For the entries below, print exactly the lines between the line holding "Spruitjesstamppot met kip-hertgehaktbal" and the line holding "của Đảng. |", inclusive, and nothing else.

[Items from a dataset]
*****

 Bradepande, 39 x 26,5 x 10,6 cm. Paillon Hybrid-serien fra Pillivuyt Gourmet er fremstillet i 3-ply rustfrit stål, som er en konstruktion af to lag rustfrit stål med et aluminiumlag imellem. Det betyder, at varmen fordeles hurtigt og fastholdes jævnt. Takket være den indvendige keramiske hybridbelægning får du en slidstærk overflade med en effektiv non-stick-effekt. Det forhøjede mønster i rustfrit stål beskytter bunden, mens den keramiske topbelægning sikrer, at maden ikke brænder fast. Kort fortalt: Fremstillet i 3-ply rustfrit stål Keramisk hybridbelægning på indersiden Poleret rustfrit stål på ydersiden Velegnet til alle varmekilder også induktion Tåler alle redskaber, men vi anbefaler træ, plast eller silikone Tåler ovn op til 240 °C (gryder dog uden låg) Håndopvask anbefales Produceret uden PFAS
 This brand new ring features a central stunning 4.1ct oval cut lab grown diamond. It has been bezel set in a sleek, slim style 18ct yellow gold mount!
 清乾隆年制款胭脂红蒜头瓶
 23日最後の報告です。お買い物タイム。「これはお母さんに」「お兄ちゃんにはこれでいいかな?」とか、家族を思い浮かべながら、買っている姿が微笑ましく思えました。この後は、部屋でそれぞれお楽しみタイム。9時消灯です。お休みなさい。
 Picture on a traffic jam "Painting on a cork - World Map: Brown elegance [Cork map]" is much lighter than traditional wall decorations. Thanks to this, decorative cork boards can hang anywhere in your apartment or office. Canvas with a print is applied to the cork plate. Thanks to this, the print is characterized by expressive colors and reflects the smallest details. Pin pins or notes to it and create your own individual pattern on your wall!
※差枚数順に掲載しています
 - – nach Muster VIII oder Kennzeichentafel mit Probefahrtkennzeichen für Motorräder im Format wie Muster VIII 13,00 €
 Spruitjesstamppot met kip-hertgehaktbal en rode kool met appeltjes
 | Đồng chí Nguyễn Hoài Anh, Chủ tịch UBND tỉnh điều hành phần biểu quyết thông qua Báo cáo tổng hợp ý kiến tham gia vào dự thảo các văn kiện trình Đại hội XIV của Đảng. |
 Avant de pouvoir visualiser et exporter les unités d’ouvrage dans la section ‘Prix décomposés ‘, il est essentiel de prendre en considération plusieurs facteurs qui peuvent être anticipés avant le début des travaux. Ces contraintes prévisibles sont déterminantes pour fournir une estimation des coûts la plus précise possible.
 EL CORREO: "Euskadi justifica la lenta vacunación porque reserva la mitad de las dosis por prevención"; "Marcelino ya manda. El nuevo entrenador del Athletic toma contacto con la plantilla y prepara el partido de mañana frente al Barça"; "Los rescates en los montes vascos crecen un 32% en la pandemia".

*****

*Result of the exercise*:
 Spruitjesstamppot met kip-hertgehaktbal en rode kool met appeltjes
 | Đồng chí Nguyễn Hoài Anh, Chủ tịch UBND tỉnh điều hành phần biểu quyết thông qua Báo cáo tổng hợp ý kiến tham gia vào dự thảo các văn kiện trình Đại hội XIV của Đảng. |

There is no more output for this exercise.